-- Study material follows --

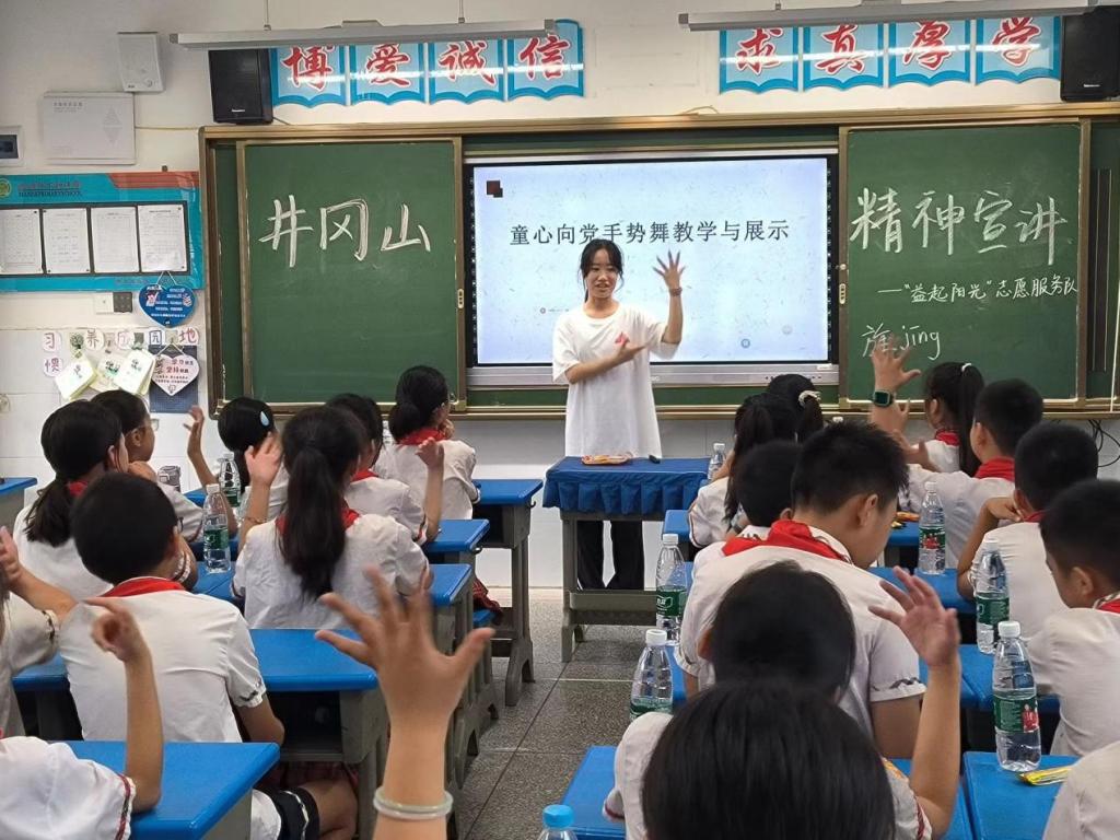 志愿者李欣颖自编手指舞,生动地向小朋友们讲解何为井冈山精神。志愿者朱增豪宣讲“两弹一星”精神,小朋友们在学习中更加坚定了传承优良作风、赓续红色血脉的信念。“‘热爱祖国、无私奉献、自力更生、艰苦奋斗、大力协同、勇于登攀’的‘两弹一星’精神,带领全国各族人民为实现中华民族伟大复兴的中国梦而不懈努力。”朱增豪在讲解时这样说。
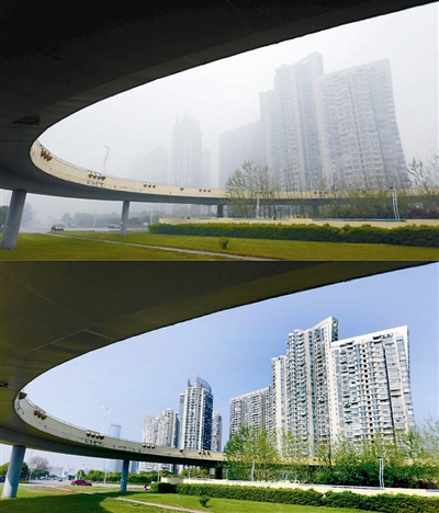 南昌市红谷滩新区一处楼盘在雾霾中(上图,4月1日摄)和晴好天气下(下图,4月7日摄)的对比(拼版照片)。
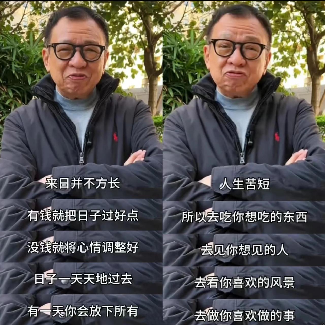 TVB老戏骨许绍雄,曾说过: 人生苦短,来日并不方长。 这话听着普通,却比任何大道理都实在。多少人总想着“等有钱了再享受”“等有空了再见面”,结果钱没攒够多少,想见的人却没了机会,想吃的馆子也关了门,最后只剩满肚子遗憾。 他说有钱就过好点,没钱就调好心态,这话太清醒了。现在太多人把日子过拧巴了,没钱时愁眉苦脸,有钱了又怕这怕那,连顿好饭都舍不得吃,连趟短途旅行都要纠结半天。其实日子哪有那么多“以后”?想吃的火锅现在就约,想见的朋友现在就聊,别等“改天”,改天说不定就成了“再也不见”。 最戳我的是他说“除了健康什么都不是你的”,生气10分钟等于熬夜5小时,这话真该贴在每个人手机上。多少人跟烂人计较、为小事钻牛角尖,气出胃病、熬出黑眼圈,最后赢了口舌之争,却输了健康,这才是最亏本的买卖。要知道,百年之后大家都是尘归尘、土归土,带不走一砖一瓦,现在纠结的那些破事,回头看根本不值一提。
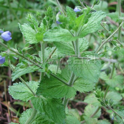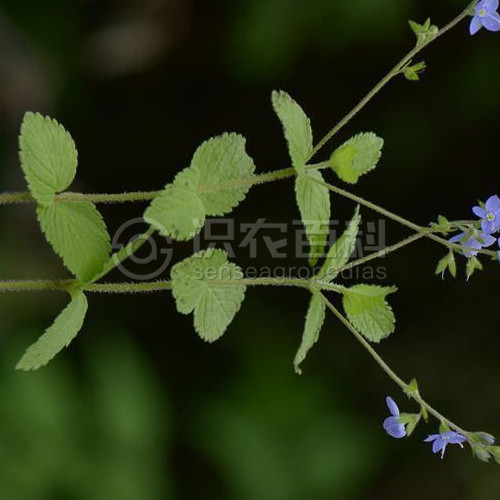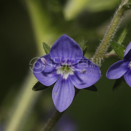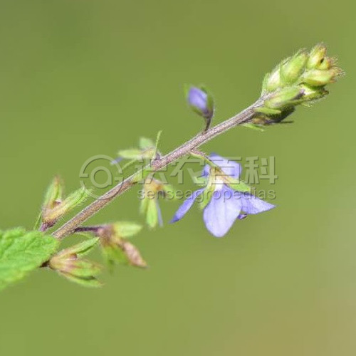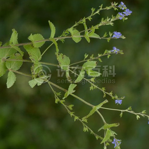 (15)50-80厘米,全體被白色多細胞柔毛。莖直立或上升,不分枝。葉無柄或具極短的葉柄,葉片卵形或卵狀三角形,長2-5厘米,寬1-3厘米,邊緣具深刻的粗鋸齒,多為重鋸齒。總狀花序單支或成對,側生于莖中上部葉腋,長而花疏離,果期長達20厘米;苞片寬條形或倒披針形,長約5毫米;花梗比苞片短得多;花萼裂片條狀長橢圓形,花期長4毫米,果期長5-6毫米;花冠輻狀,紫色或藍色,直徑6-10毫米,裂片圓形至菱狀卵形;雄蕊與花冠近等長。蒴果倒心形,長4-5毫米,寬5-6毫米,基部楔狀渾圓,有多細胞睫毛,花柱長3-4毫米。種子南瓜子形,長略過1毫米。花期6月。
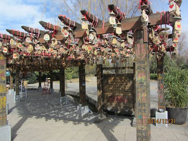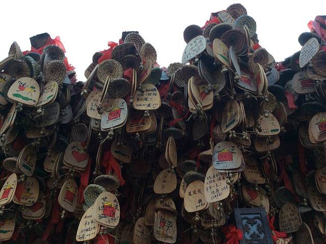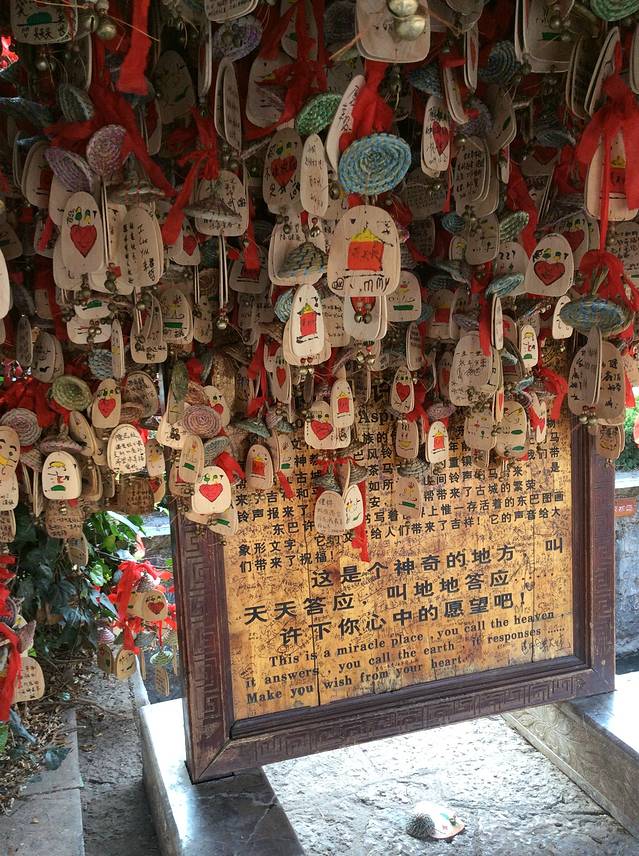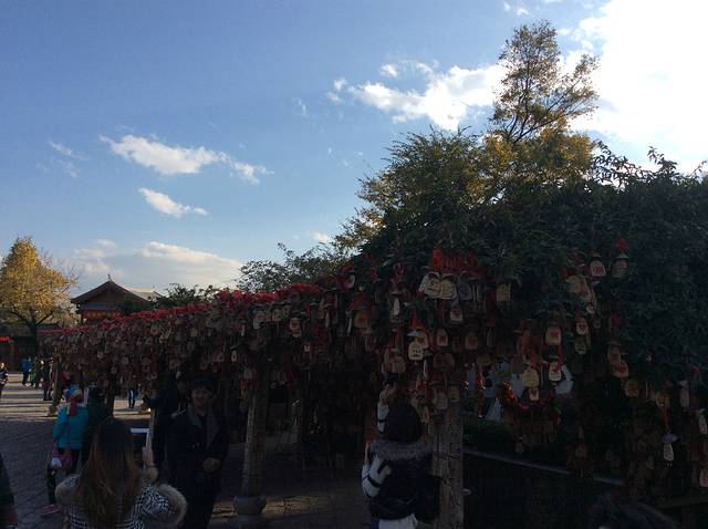 进入古镇后,最显眼的就是这一排许愿树,满满的都是心愿
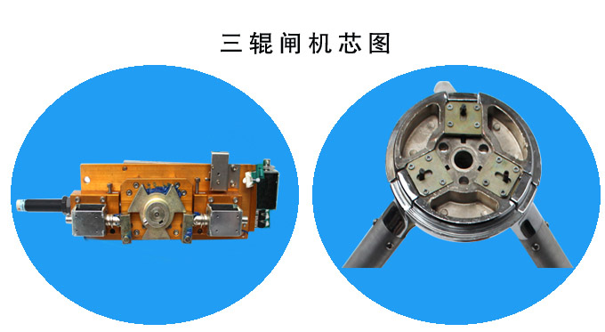 三辊闸机采用液压减震,电磁离合机芯,转动无噪音,机芯转动300万次无故障 |
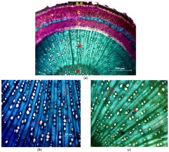 - Sakai, W.S. Simple Method for Differential Staining of Paraffin Embedded Plant Material Using Toluidine Blue O. Stain. Technol. 1973, 48, 247–249. [Google Scholar] [CrossRef]
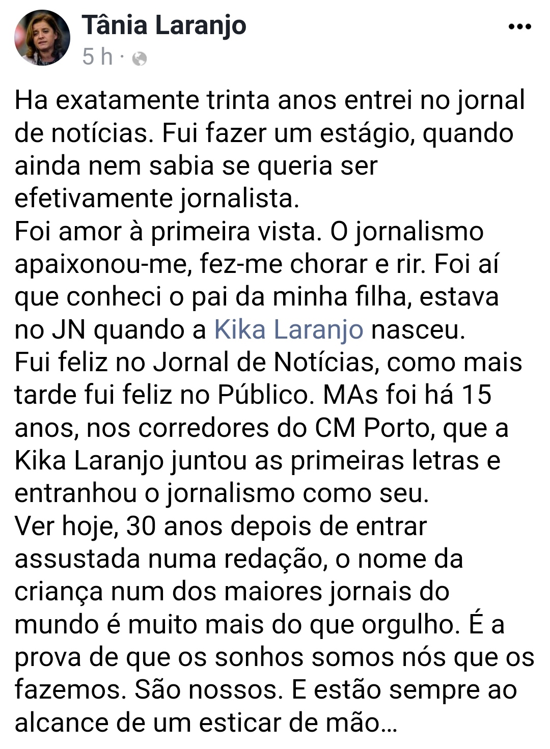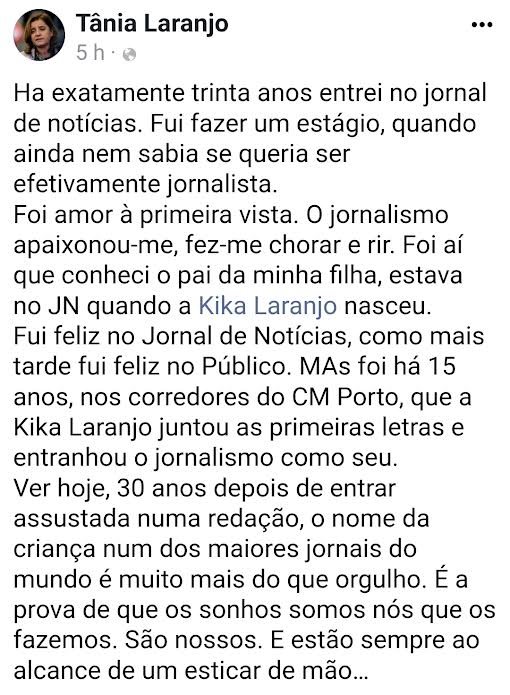 30 anos depois de ter começado como jornalista, no Jornal de Notícias, Tânia Laranjo a mais conhecida cara da CMTV vê a sua filha Francisca a iniciar a actividade também no jornalismo. O momento é assinalado com orgulho pela mãe.
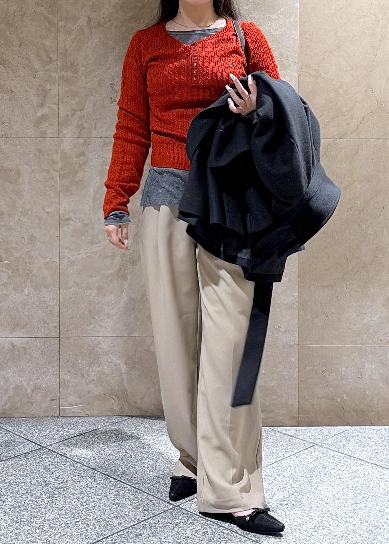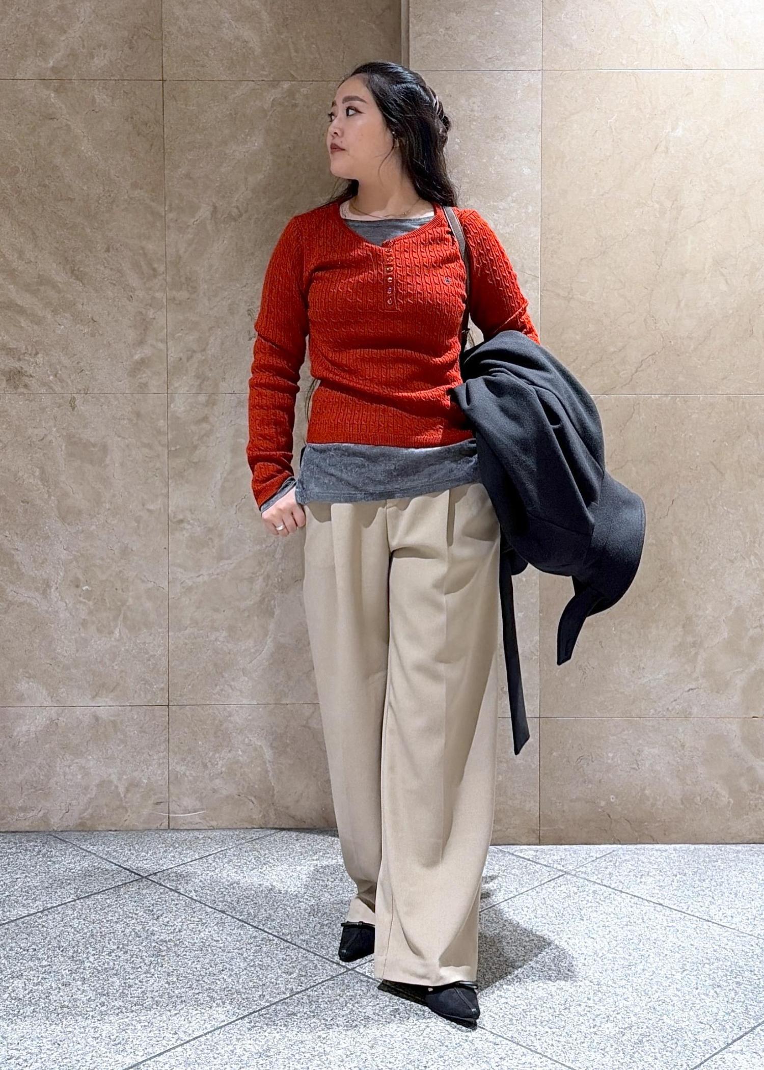 VIS【POLO BCS】VIS別注ヘンリーネックミニケーブルニットトップスレッド系 / F¥6,600レビューヘンリーネックで、ボタンを2個ほど開けて使うのもとても可愛いです◎
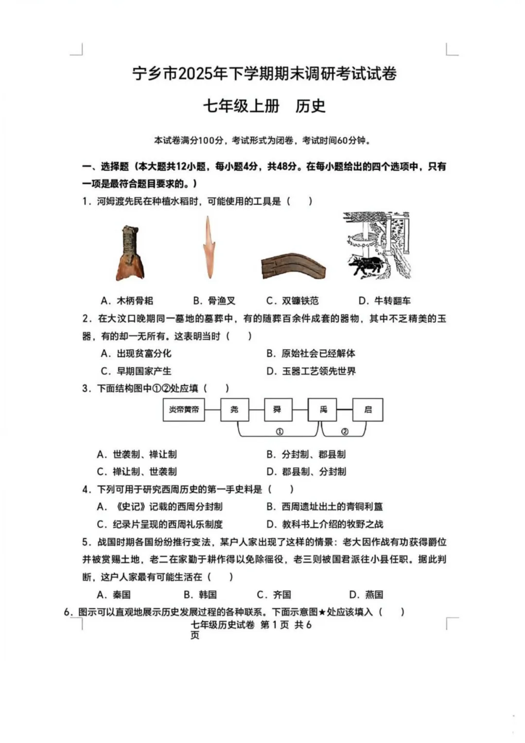 本试卷全面覆盖七年级历史上册核心内容,重点考查中华文明起源、秦汉统一、三国两晋南北朝等关键历史时期。得分点集中在基础史实题和材料分析题;难点在于第15题的历史地图综合分析和第16题的人口迁移影响探究,这类题目需要学生具备较强的时空观念和综合运用知识解决问题的能力,对学生的历史思维深度提出较高要求。
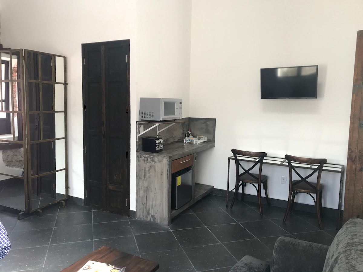 Welcome to Casa Martina, a stylish loft apartment within a renovated & architecturally renowned Casona in Puebla’s unique Historic Center. This 3-level space offers everything you need for a memorable stay: A king bed with 60’ TV + streaming, automatic blinds, AC, desk, fully equipped kitchen with Nespresso, laundry room, and a full bathroom with double sinks. Enjoy a private rooftop terrace with 360° views of the city and volcanoes. Gated building with free parking for a sedan/SUV car included.

-- Study material concluded --

If a picture sits between the line containing "进入古镇后,最显眼的就是这一排许愿树,满满的都是心愿" and the line containing "30 anos depois", leave it out, and return the lines of that range above exactly, both ends included.

 进入古镇后,最显眼的就是这一排许愿树,满满的都是心愿
 三辊闸机采用液压减震,电磁离合机芯,转动无噪音,机芯转动300万次无故障 |
 - Sakai, W.S. Simple Method for Differential Staining of Paraffin Embedded Plant Material Using Toluidine Blue O. Stain. Technol. 1973, 48, 247–249. [Google Scholar] [CrossRef]
 30 anos depois de ter começado como jornalista, no Jornal de Notícias, Tânia Laranjo a mais conhecida cara da CMTV vê a sua filha Francisca a iniciar a actividade também no jornalismo. O momento é assinalado com orgulho pela mãe.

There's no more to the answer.